Extract the run of lines that starts at the top of the records below and ends at the line with "Ihr wisst ja", keeping both ends and excluding pictures.

• [Record excerpts]
┌──

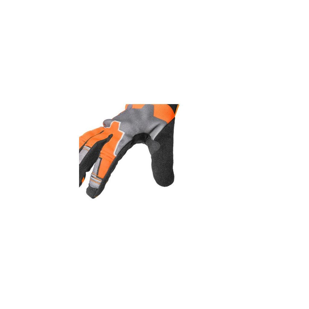 Dlaně jsou vyrobeny z odolné a vysoce citlivé syntetické kůže. Zde je použit jediný vzor, aby se zabránilo slabým místům způsobeným švy. Silikonové otisky na dlani a konečcích prstů zajišťují perfektní přilnavost na řídítkách a pákách.
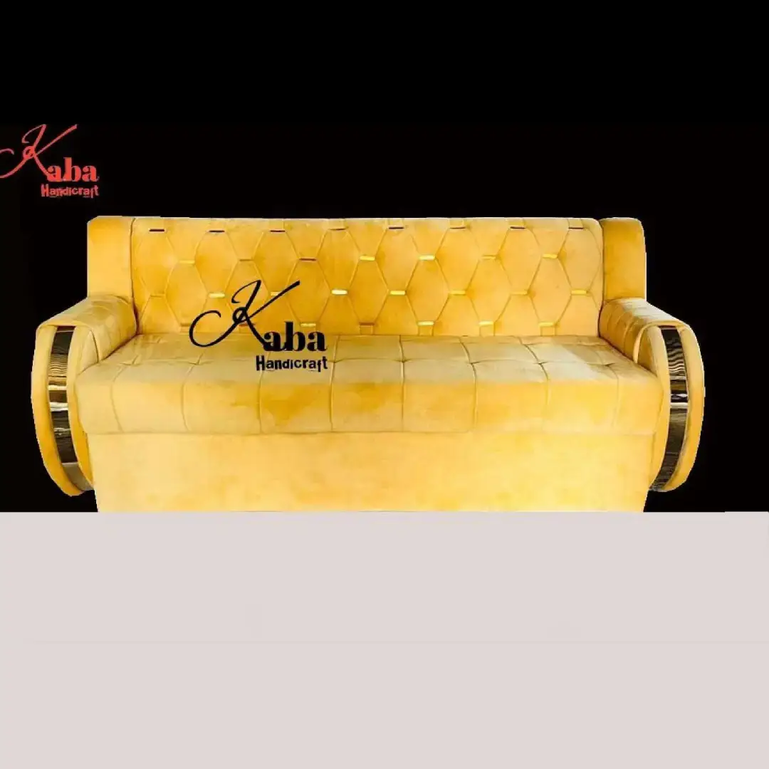 Bold geometry meets plush luxury in this handcrafted statement piece by Kaba Handicraft. Wrapped in radiant yellow velvet, the sofa features deep quilting in a diamond configuration, punctuated by rectangular accents that add rhythm and depth. The standout detail: metallic insets within each armrest that add architectural sharpness to its otherwise soft silhouette.
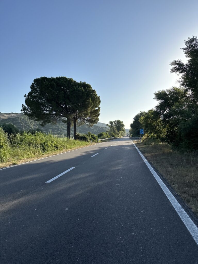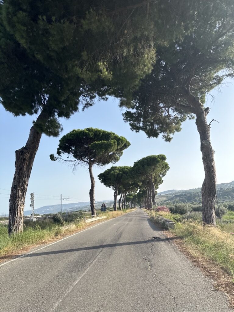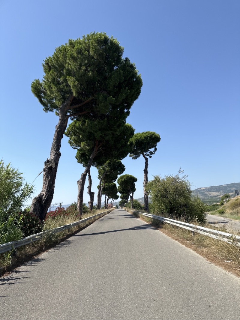 Nach der ausgedehnten Mittagspause führt uns wieder eine schöne Pinienallee aus Rocca Imperiale hinaus.
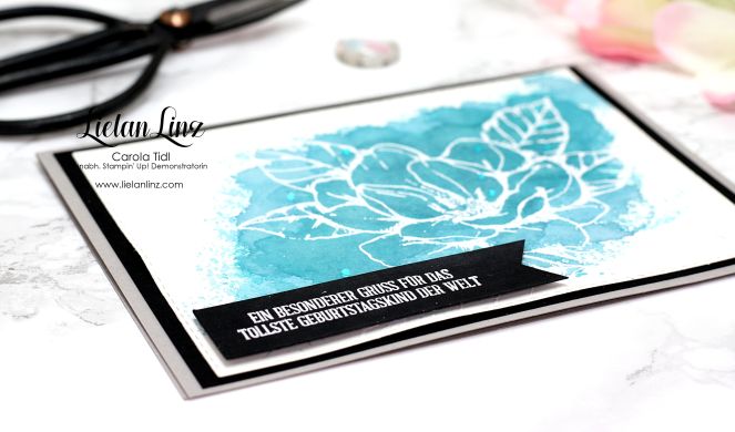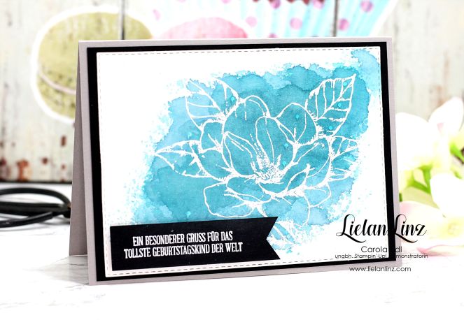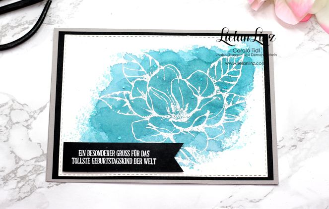 Ihr wisst ja sicherlich, dass ich zwei absolute Favoriten aus dem neuen Jahreskatalog von Stampin‘ Up! habe .. naja .. allzu neu ist er ja nicht mehr und wir Demos erwarten Ende Juli bereits auch schon den Herbst-Winter-Katalog .. aber ich konnte es dennoch nicht lassen, nochmal eine Geburtstagskarte mit dem Stempelset Magnoliengruß zu werkeln.
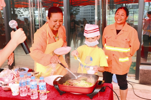 5月28日上午,南寧經(jīng)濟(jì)開發(fā)區(qū)開展“關(guān)愛農(nóng)民工 綠港小廚神”主題親子活動(dòng)。轄區(qū)內(nèi)的園林綠化工人、水電維修物業(yè)工人、保潔人員等300多名進(jìn)城務(wù)工人員及其子女參加了本次活動(dòng)。
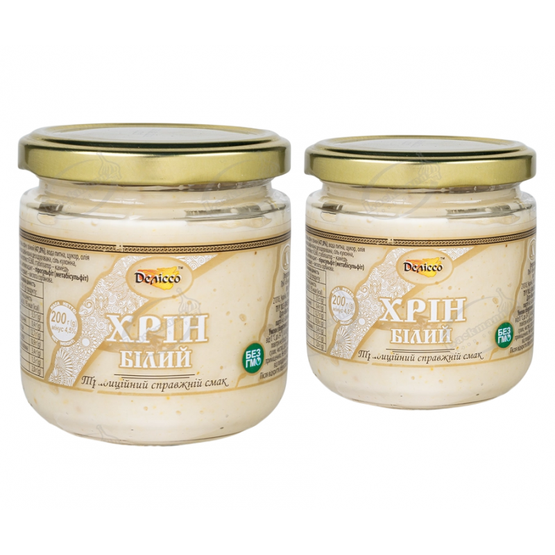 Ingredienti: radice di rafano 65%, acqua, zucchero, olio di semi di girasole, sale da cucina, correttore di acidità: (acido acetico), amido di patate modificato, stabilizzante: (E415), antiossidanti: (metabisolfito di sodio, E300), conservante: (E200), aroma. Questo prodotto può contenere tracce di: SENAPE.

└──

• [Task output]
 Dlaně jsou vyrobeny z odolné a vysoce citlivé syntetické kůže. Zde je použit jediný vzor, aby se zabránilo slabým místům způsobeným švy. Silikonové otisky na dlani a konečcích prstů zajišťují perfektní přilnavost na řídítkách a pákách.
 Bold geometry meets plush luxury in this handcrafted statement piece by Kaba Handicraft. Wrapped in radiant yellow velvet, the sofa features deep quilting in a diamond configuration, punctuated by rectangular accents that add rhythm and depth. The standout detail: metallic insets within each armrest that add architectural sharpness to its otherwise soft silhouette.
 Nach der ausgedehnten Mittagspause führt uns wieder eine schöne Pinienallee aus Rocca Imperiale hinaus.
 Ihr wisst ja sicherlich, dass ich zwei absolute Favoriten aus dem neuen Jahreskatalog von Stampin‘ Up! habe .. naja .. allzu neu ist er ja nicht mehr und wir Demos erwarten Ende Juli bereits auch schon den Herbst-Winter-Katalog .. aber ich konnte es dennoch nicht lassen, nochmal eine Geburtstagskarte mit dem Stempelset Magnoliengruß zu werkeln.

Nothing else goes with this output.